The phone rang. It was the seldom-used land line, a number called only by telemarketers and the woman who was now in the kitchen. “I am fine, Dr Rieux,” a voice announced.

“Mr Santos?” Rieux asked.

“Do not worry about me,” Mr Santos said. His breathing was heavy. “My wife worries too much.”

“Are you not feeling well?”

The sound of coughing filled Rieux’s ear. “Mrs Rieux looked very good today,” Mr Santos said once he’d cleared his throat. “Is she going on a vacation?”

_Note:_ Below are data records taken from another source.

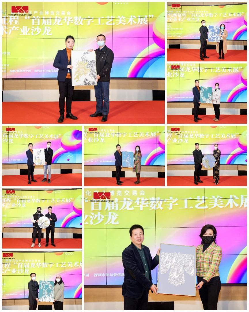 深圳市龙华区文化创意产业协会秘书长汪昌志、南方科技大学全球城市文明典范研究院秘书长陈能军博士、华夏民族文化艺术数字藏品平台主任郑捷、中艺数字服务(深圳)有限公司艺术总监周凯丽、国匠数字文化科技研究公司带头人曲振、中艺(山东)文化科技有限公司监事穆鹏飞、锦绣科学园运营总监吴刚、副总监袁青等出席开幕启动仪式。
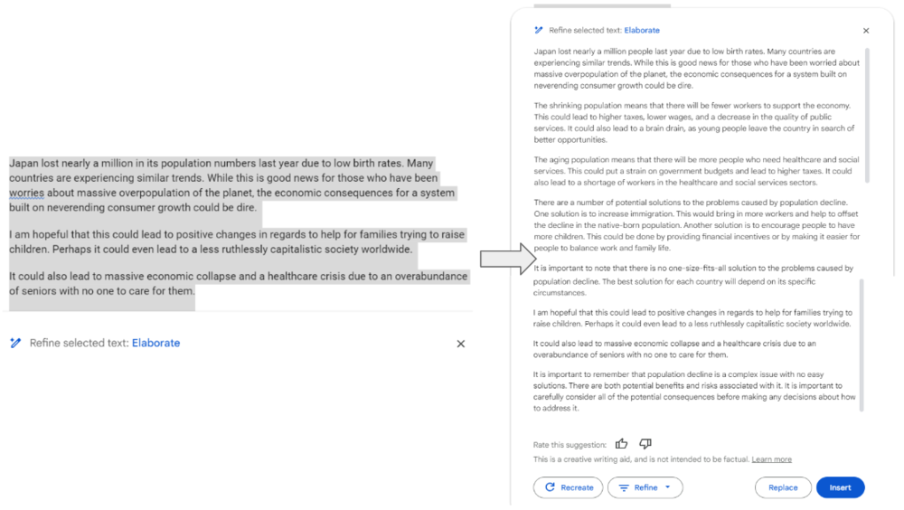 引き続き、同じ新聞記事と自由記事を活用し、「Elaborate(精細化)」機能を使用して新聞記事と自由記事を試すと、文章が箇条書きで修正されることが確認されました。内容は元の記事よりも分かりやすく、論理的な関係も整理されています。
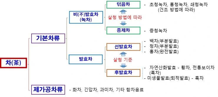 차의 분류는 가장 먼저, 기본 차류와 재가공 차류로 분류되는데, 기본 차류는 다시 서로 다른 제다공정 또는 제다기술상의 차이로 인해 각기 다른 차류들로 세분화된다.
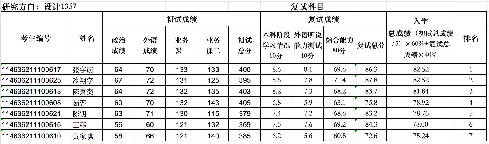 2026年艺术设计学院设计1357专业研究生入学总成绩(一志愿)
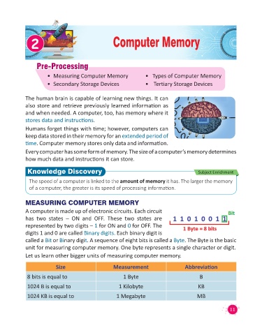 called a Bit or Binary digit. A sequence of eight bits is called a Byte. The Byte is the basic
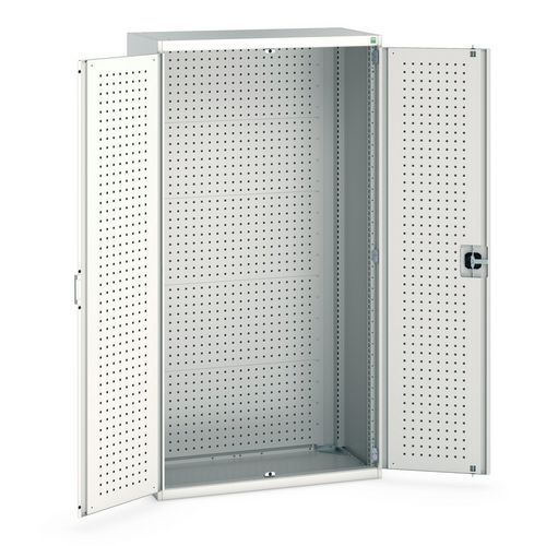 Armoire d’atelier pour le rangement clair de vos outils. Avec perforations et panneau avec habillage à bacs. Verrouillez les portes de manière sécurisée grâce au dispositif de fermeture à trois points et à la serrure à cylindre.
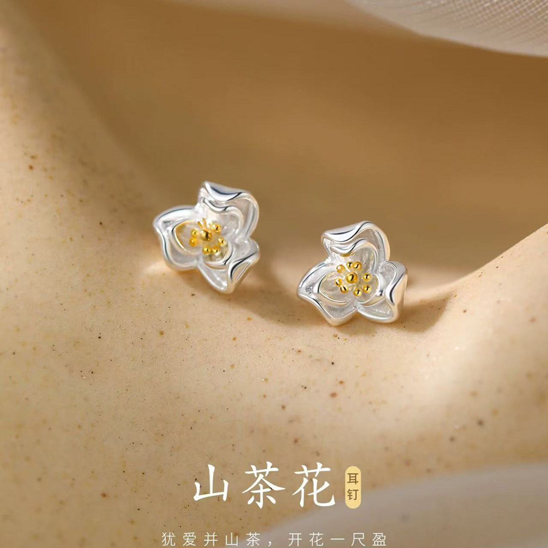 山茶花耳钉轻奢精致淑女日常通勤百搭气质小众设计感高级新款耳饰

“She’s in Mexico until the New Year.”

“An extended holiday. How nice! It’s too bad doctors have such busy schedules.”

“Indeed.”

“As you can tell, I’m feeling better as I speak. I won’t take too much of your time. Enjoy your evening.”

As Rieux puzzled over this phone call, Mrs Rieux prepared macaroni in broth with shredded ham and peas—a Chinese diner specialty. Her preference would have been to make a proper Cantonese meal, but first she would have to shop. She asked her son for bus directions to the nearest Chinese grocer. He worried that she’d have too much to carry and said they could go together.

She threw a hand against her forehead. “I forgot that I packed sausage in my luggage,” she told him in Cantonese.

“We have that here,” he answered in English. “You’ll see when we get to the store. We can pick up some items—clothes, toiletries—tomorrow morning. It won’t be long before your luggage is retrieved.”

“You’re already too busy. I’m here to help you.”

“It’s no trouble,” he lied.

This was the extent of their conversation. As it had been in his youth, the meal was so devoid of chatter that every slurp and clink of spoons against bowls seemed to form its own language. At least in his youth his mother could ask him and his sister about schoolwork. This was the first time she’d seen him in a year and she would be here at least until January. Unless he insisted, she would not go sightseeing—she had lived here for twenty-five years, anyhow—or visit with her remaining friends. She would watch her Chinese TV shows through an elaborate black box whose installation Rieux had arranged last week. They would eat together, silently, and this would be the extent of their time together.